Body hair and nakedness in lockdown
By: Hannah Copestake
I gave up on shaving two years ago. Clumsy by nature, I had so often slipped while hurriedly reaping the dark hairs on my legs that I no longer trusted myself not to end up with a few cuts and scrapes. Not to mention the existential climate guilt I felt as I consigned another infantile-pink plastic razor to the bathroom bin, after finally allowing myself to see the rust clinging to the safety blade.
Instead, I chose waxing. At a local salon my guilt was assuaged by the organic, vegan wax. It poured warm and dark onto my skin, purple and lightly scented of blackcurrant and liquorice. I emerged egg-smooth and refreshed, after chatting to a nice woman who patiently de-haired places only my lovers had seen before.
Around two weeks before lockdown, I went for my regular appointment. My beautician advised leaving a slightly longer gap between sessions.
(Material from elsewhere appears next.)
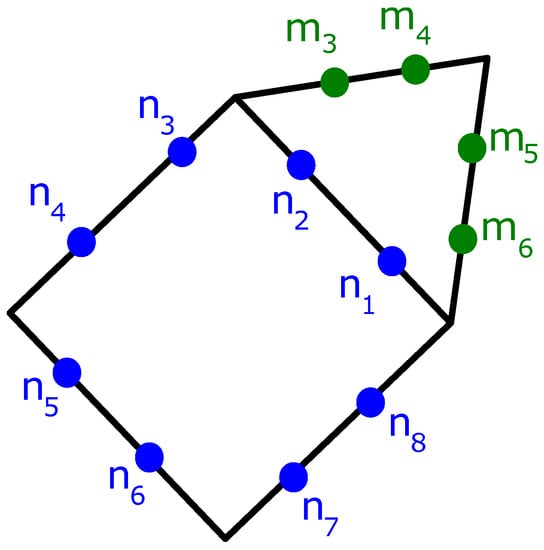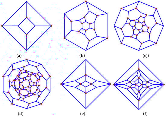 We denote, respectively, the number of vertices, faces, and edges of the planar graph by V, F, and E; and, by Euler’s formula, they satisfy the constraint . We have vertices of 2 different numbers of edges, and , and we denote the number of vertices of type j by .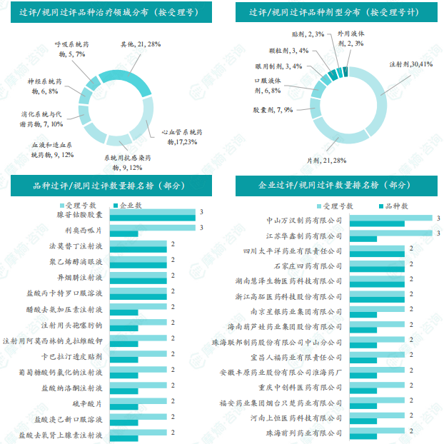 本周过评/视同过评品种主要为心血管系统药物;过评/视同过评产品剂型主要为注射剂;本周腺苷钴胺胶囊和利奥西呱片2个品种过评/视同过评受理号数量多达3个,同时腺苷钴胺胶囊也是本周过评/视同过评企业最多的品种,为3家;本周中山万汉制药有限公司、四川太平洋药业有限责任公司、石家庄四药有限公司、湖南慧泽生物医药科技有限公司和浙江高跖医药科技股份有限公司过评/视同过评品种数最多,为2种,本周过评/视同过评企业共包括中山万汉制药有限公司、江苏华鑫制药有限公司和四川太平洋药业有限责任公司等55家企业。

Let it grow out, she advised, then we’ll get a much smoother finish. I nodded, mentally scheduling as many dates as possible with the person I was seeing in the acceptable-hair-length period between now and then. How would I cope, I wondered, towards the end of the six-week wait?
Then – lockdown. Dates moved online and then were abandoned, after he ghosted. Six weeks came and went. My roommate ordered at-home wax strips. Told me I should have invested in laser, as she had. I considered returning to the supermarket aisles for ‘disposable’ razors, but something stopped me.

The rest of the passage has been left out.